The four datasets were designed to counter these by showing that data exhibiting the same statistics can actually be very very different.
The datasaurus dozen
Anscombe's datasets indicate their point well, but the arrangement of the points is very regular and looks a little artificial when compared with real data sets.
In 2017, twelve sets of more realistic-looking data were published (in Same stats, different graphs: generating datasets with varied appearance and identical statistics through simulated annealing by Justin Matejka and George Fitzmaurice [2]).
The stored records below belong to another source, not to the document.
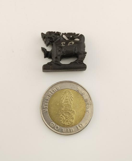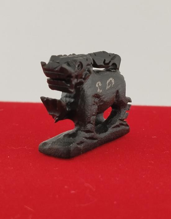(เคาะเดียว คัดสวย ตัวใหญ่) สิงห์แกะสลัก หลวงพ่อสิน เนื้อเขาควายดำ พร้อมซองยันต์เดิมจากวัด #04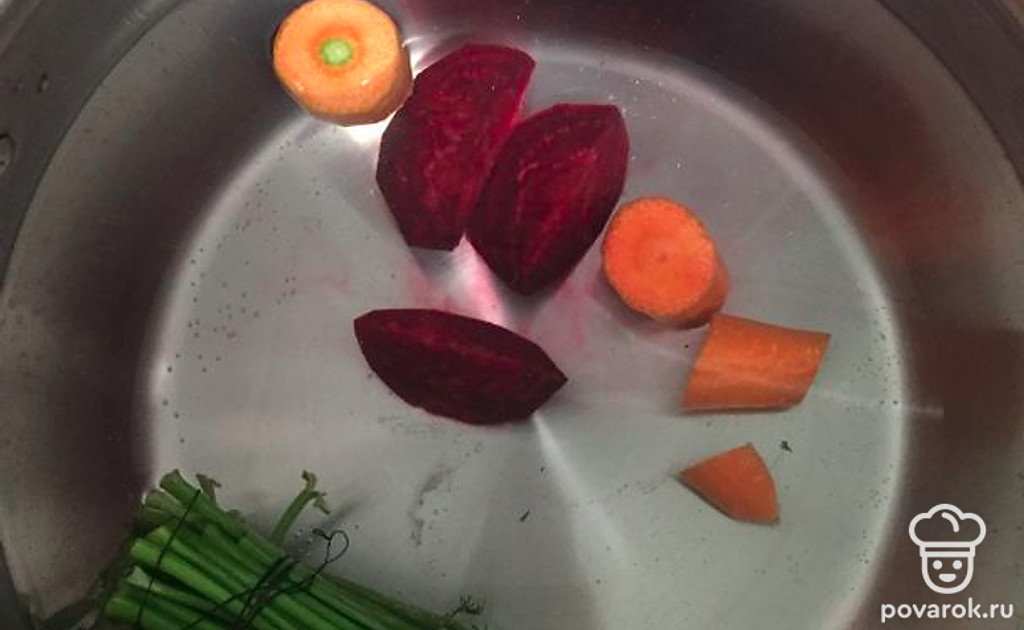 В кастрюлю наливаем воду и кладём туда 1 морковь, одну свеклу, порезанную на 4 части, и зелень. Варим овощной бульон.
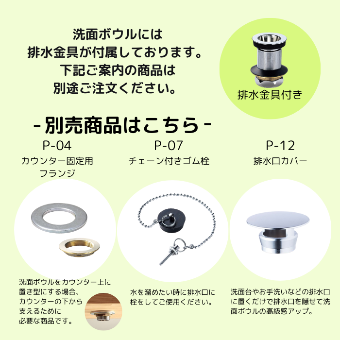 −洗面ボウルと丸型排水栓のセットです。蛇口や排水パイプは付いておりません。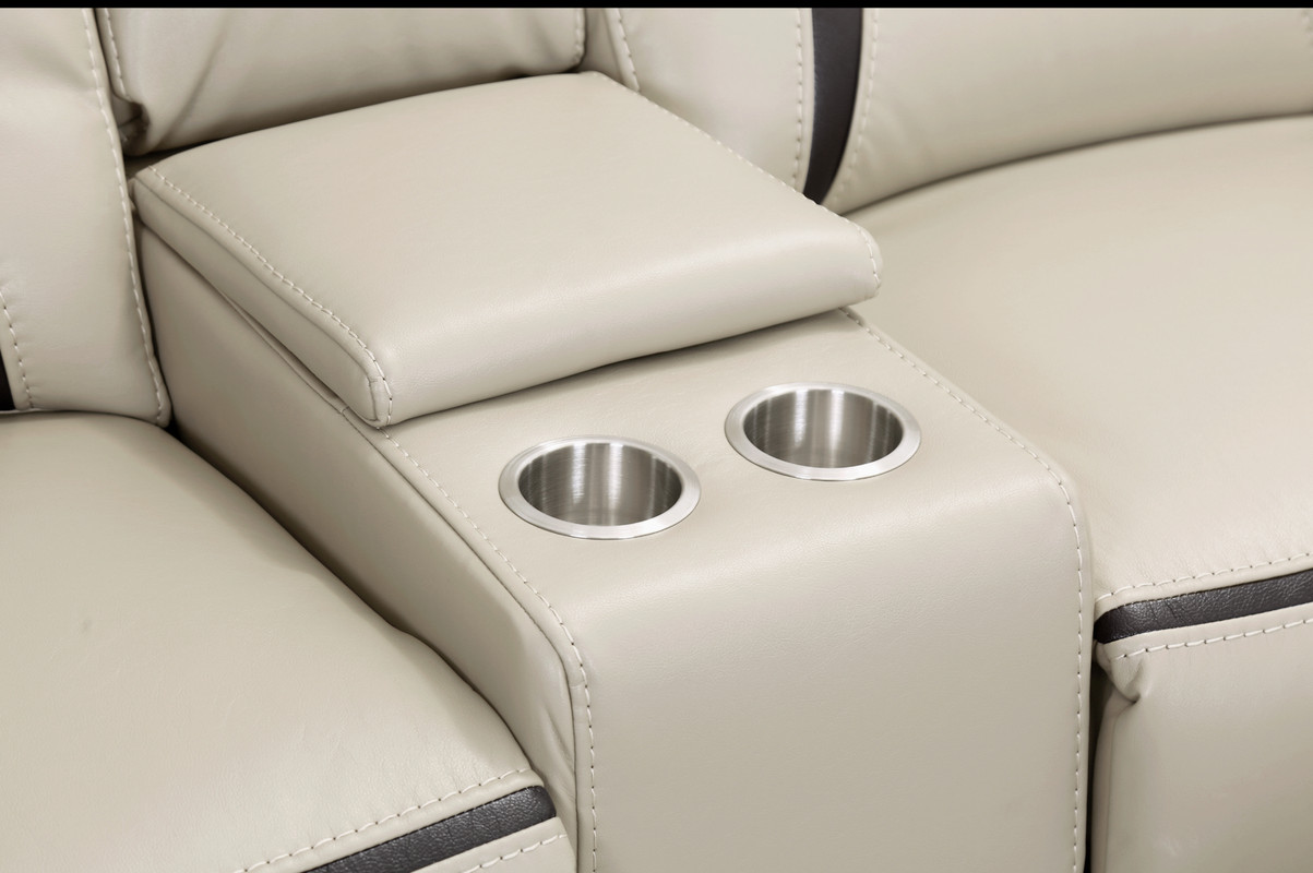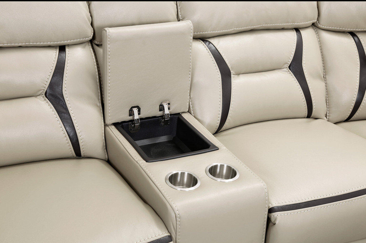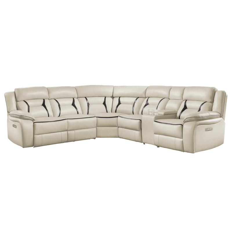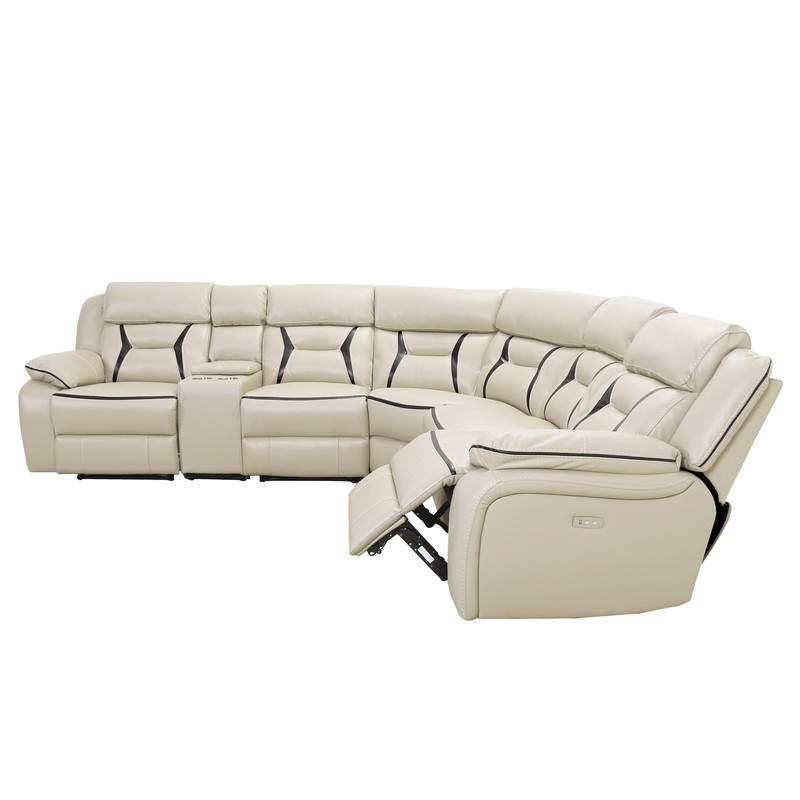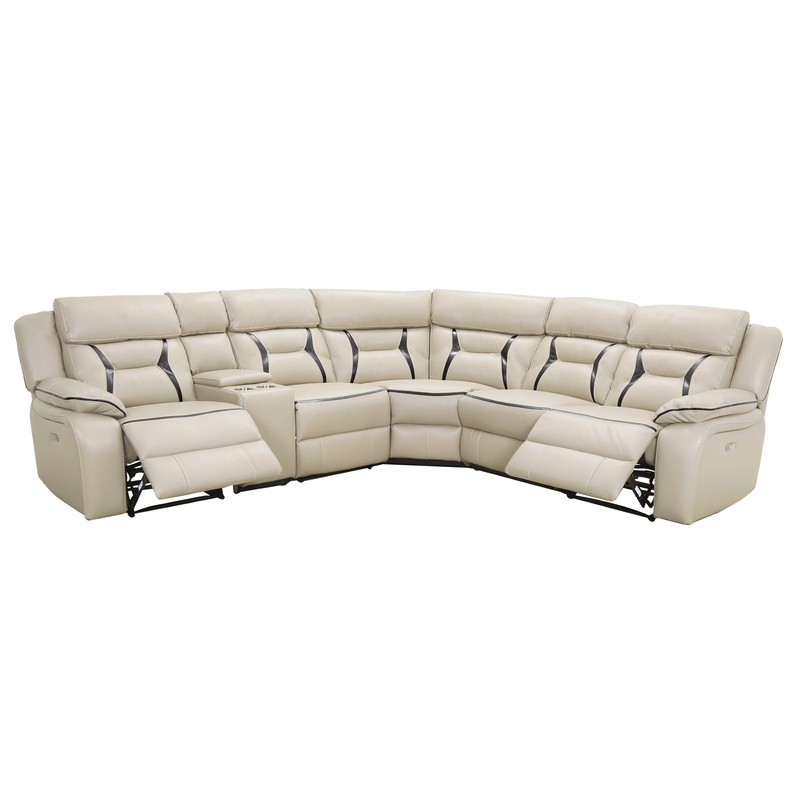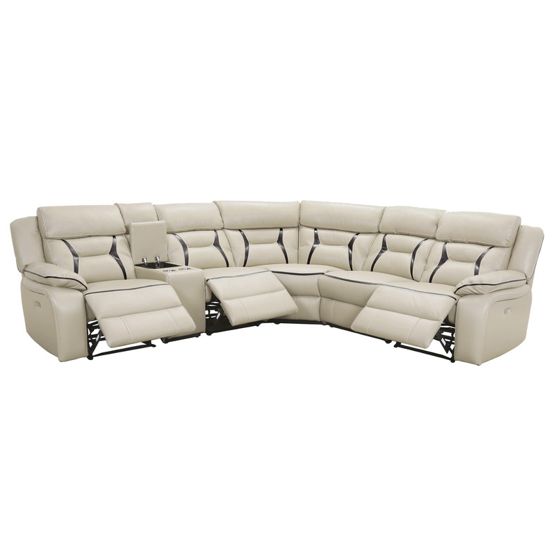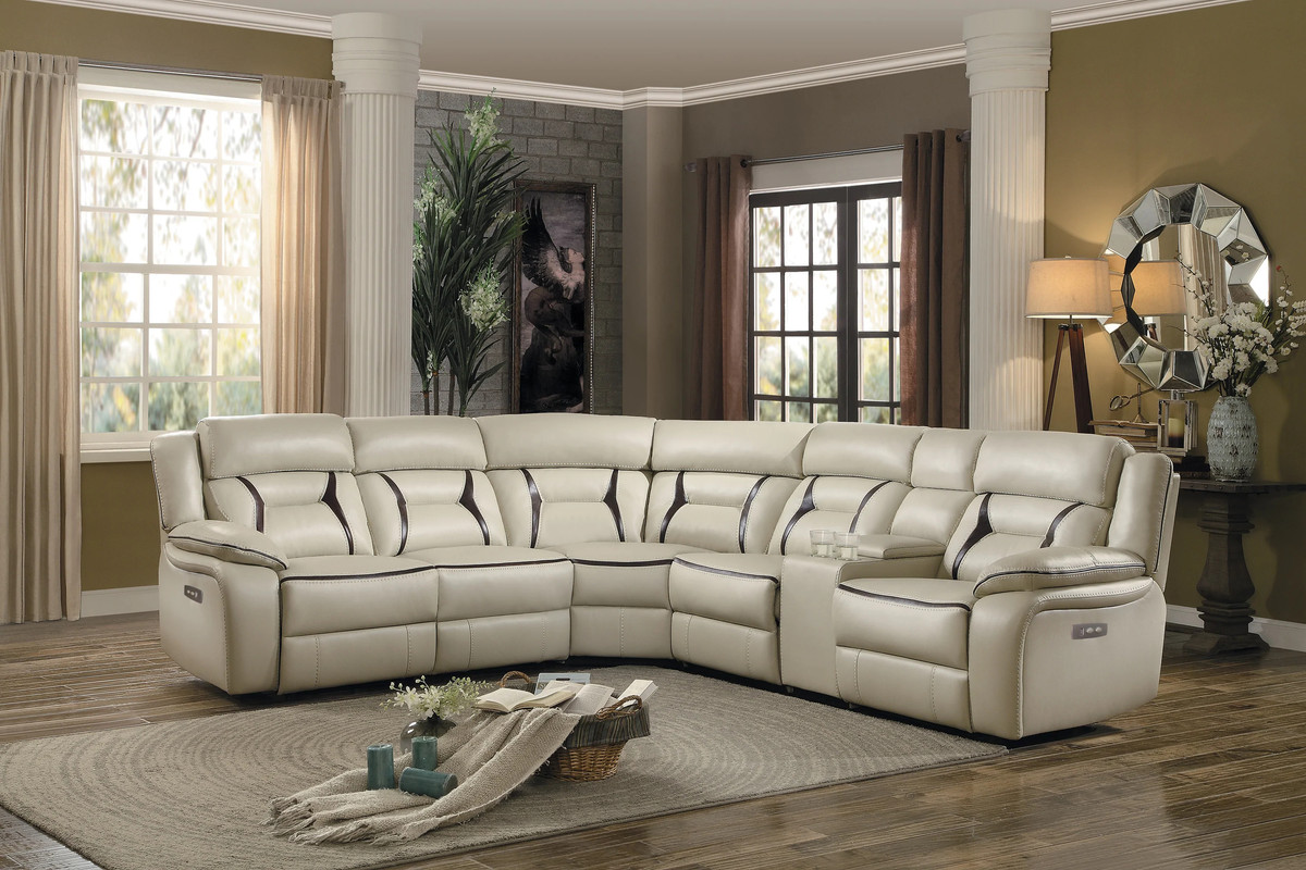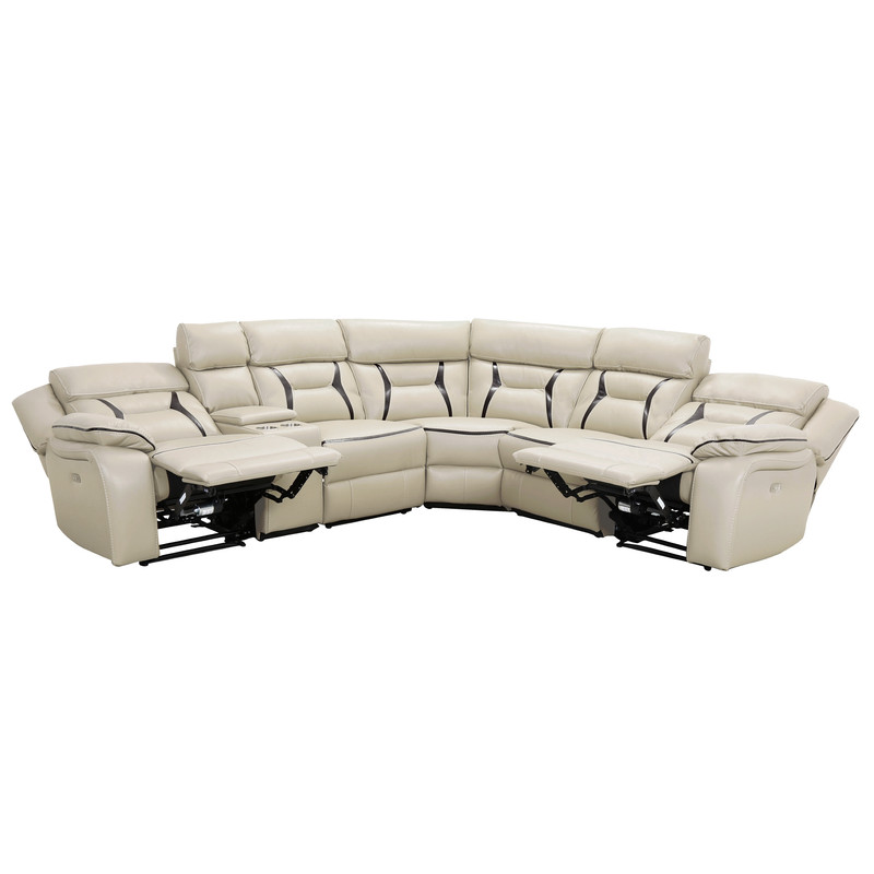 Beige Leather Gel Power Reclining Sectional

These datasets—known as the datasaurus dozen—all had the same
mean \(x\)-value, mean \(y\)-value,
standard deviation of \(x\)-values, standard deviation of \(y\)-values, and corellation coefficient (to two decimal places) as the datasaurus.
Creating datasets like this is not trivial: if you have a set of values for the statistical properties of a dataset, it is difficult to create a dataset with those properties—especially
one that looks like a certain shape or pattern.
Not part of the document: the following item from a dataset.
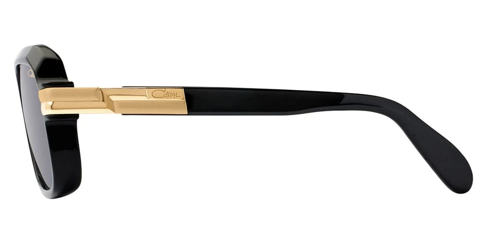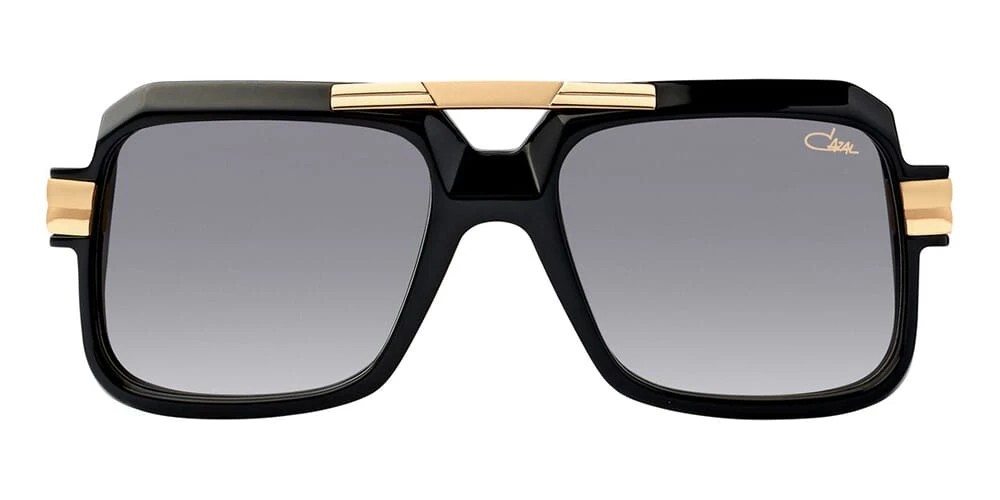 This square Cazal Legends sunglass comes in a black frame with grey gradient lenses.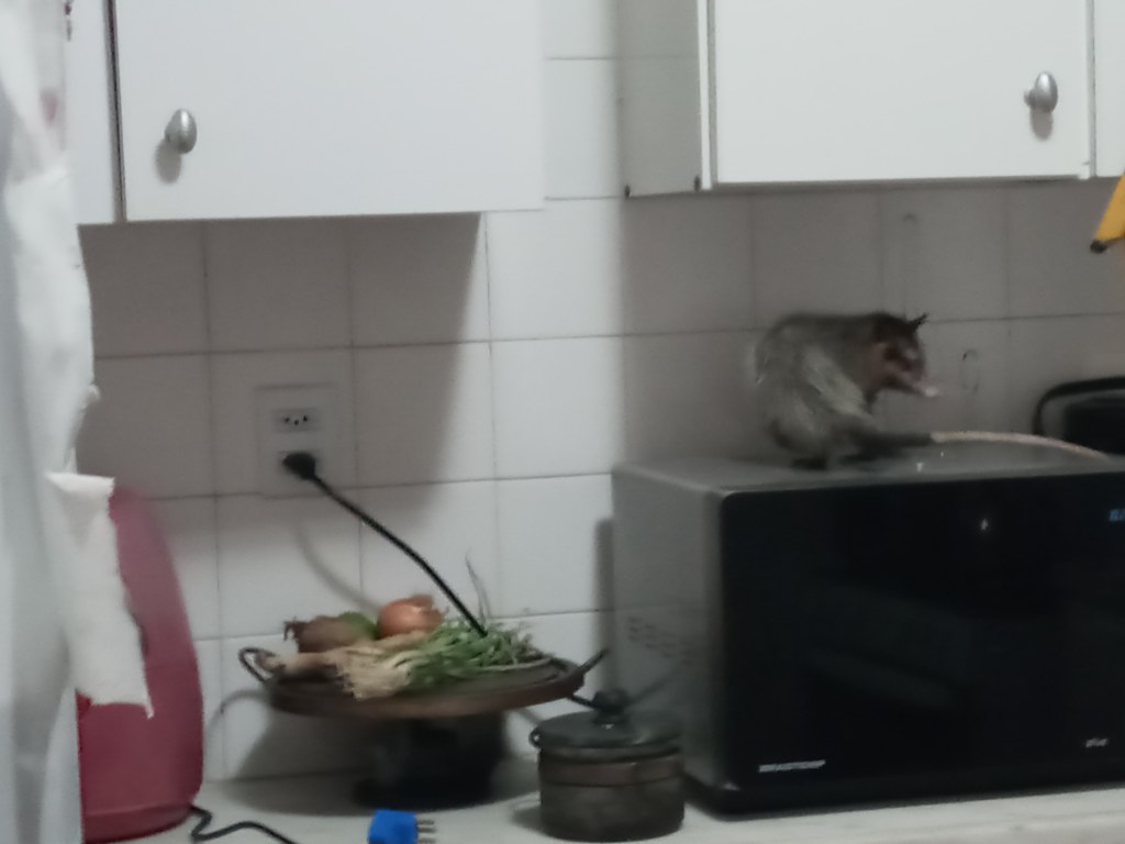 Jeg våknet litt vel tidlig første dag i Saquerema. Var behagelig å våkne til lyden av bølgene til havet. Jeg tror ikke det er så mange som har opplevd å våkne til denne vakre utsikten noengang. Havet og stranden ligger rett utenfor soverommet og jeg var tidlig ute for å ta et morgensbilde. Skrapelydene som kom fra taket derimot i løpet av natten kunne jeg ha klart meg foruten. Hva slags dyr som lagde lydene vet jeg ikke, men jeg tipper det var en gamba. Det dukket en på kjøkkenet igår kveld når jeg og kona skulle ta kveldsmaten. En frekk mattyv jeg fikk tatt bildet av. Jeg var ikke lengre en 2m unna den før den pilte avgårde. Disse krabatene sniker seg ofte inn i hagen min og stjeler frukten på trærne mine der jeg bor til vanlig så jeg dro kjensel på dyret med engang.

But if you already have one dataset with the desired properties, you can make other datasets with the same properties by very slightly moving every point in a random direction then
checking that the properties are the same—if you do this a few times, you'll eventually get a second dataset with the right properties.
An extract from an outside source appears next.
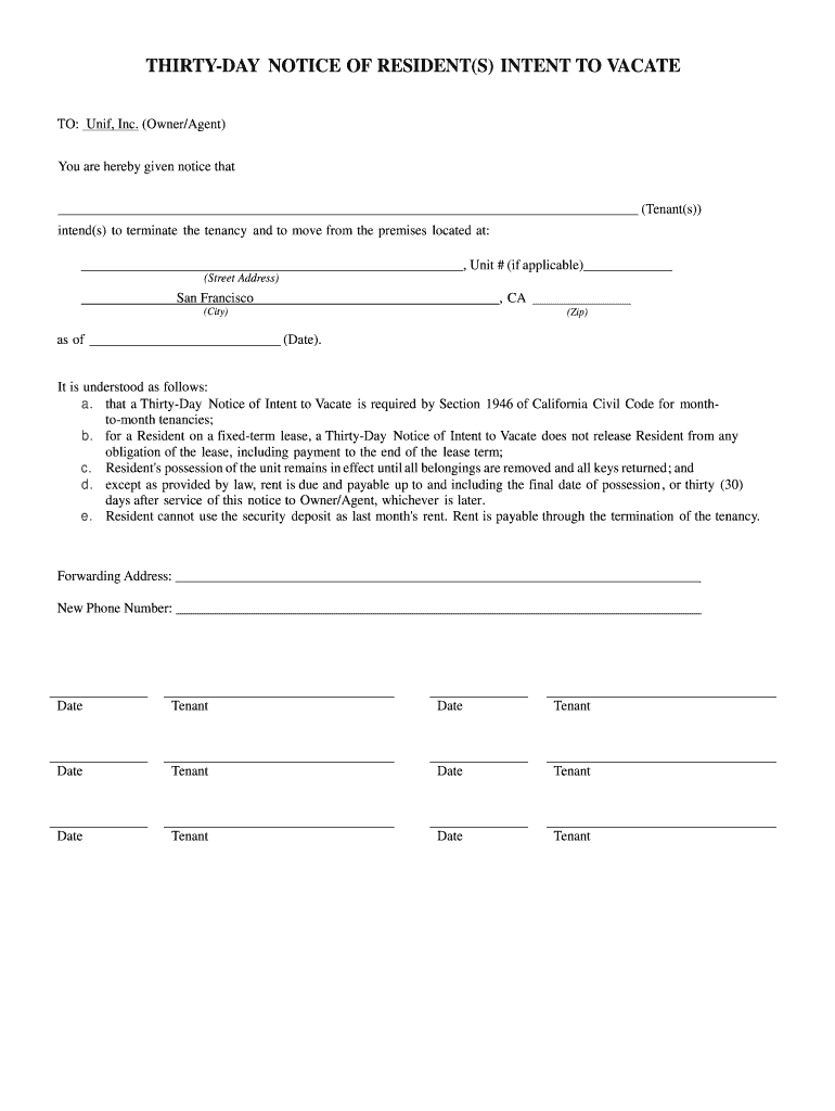 THIRTY NOTICE OF RESIDENT’S) INTENT TO VACATE TO: Unit, Inc. (Owner×Agent) You are hereby given notice that (Tenant’s)) intends) to terminate the tenancy and to move from the premises located

The datasets in the datasaurus dozen were generated using this method: repeatedly adjusting all the points ever so slightly, checking if the properties were the same, then
keeping the updated data if it's closer to a target shape.
The databet
Using the same method, I generated the databet: a collection of datasets that look like the letters of the alphabet. I started with this set
of 100 points resembling a star:
After a long time repeatedly moving points by a very small amount, my computer eventually generated these 26 datasets, all of which have the same means,
standard deviations, and correlation coefficient:
Now that we have the alphabet, we can write words using the databet. You can enter a word or phrase here to do this:
Given two data sets with the same number of points, we can make a new larger dataset by including all the points in both the smaller sets.
It is possible to write the mean and standard deviation of the larger dataset in terms of the means and standard deviations of the smaller sets: in each case,
the statistic of the larger set depends only on the statistics of the smaller sets and not on the actual data.
Applying this to the databet, we see that the datasets that spell words of a fixed length will all have the same mean and standard deviation.
(The same is not true, sadly, for the correlation coefficient.) For example, the datasets shown in the following plot both have the same means and standard deviations:
Hopefully by now you agree with me that Anscombe was right: it's very important to plot data as well as looking at the summary statistics.
If you want to play with the databet yourself, all the letters are available on GitHub in JSON format.
The GitHub repo also includes fonts that you can download and install so you can use Databet Sans in
your next important document.
References
[1] Graphs in statistical analysis by Francis J Anscombe. American Statistician, 1973.
[2] Same stats, different graphs: generating datasets with varied appearance and identical statistics through simulated annealing by Justin Matejka and George Fitzmaurice. Proceedings of the 2017 CHI Conference on Human Factors in Computing Systems, 2017.
(Click on one of these icons to react to this blog post)
You might also enjoy...
Comments
Comments in green were written by me. Comments in blue were not written by me.
⭐ top comment (2023-02-03) ⭐
Very cool! Thanks for sharing ????Jessica
×5 ×9 ×5 ×5
Add a Comment
2020-03-31
Recently, you've probably seen a lot of graphs that look like this:
The graph above shows something that is growing exponentially: its equation is \(y=kr^x\), for some constants \(k\) and \(r\).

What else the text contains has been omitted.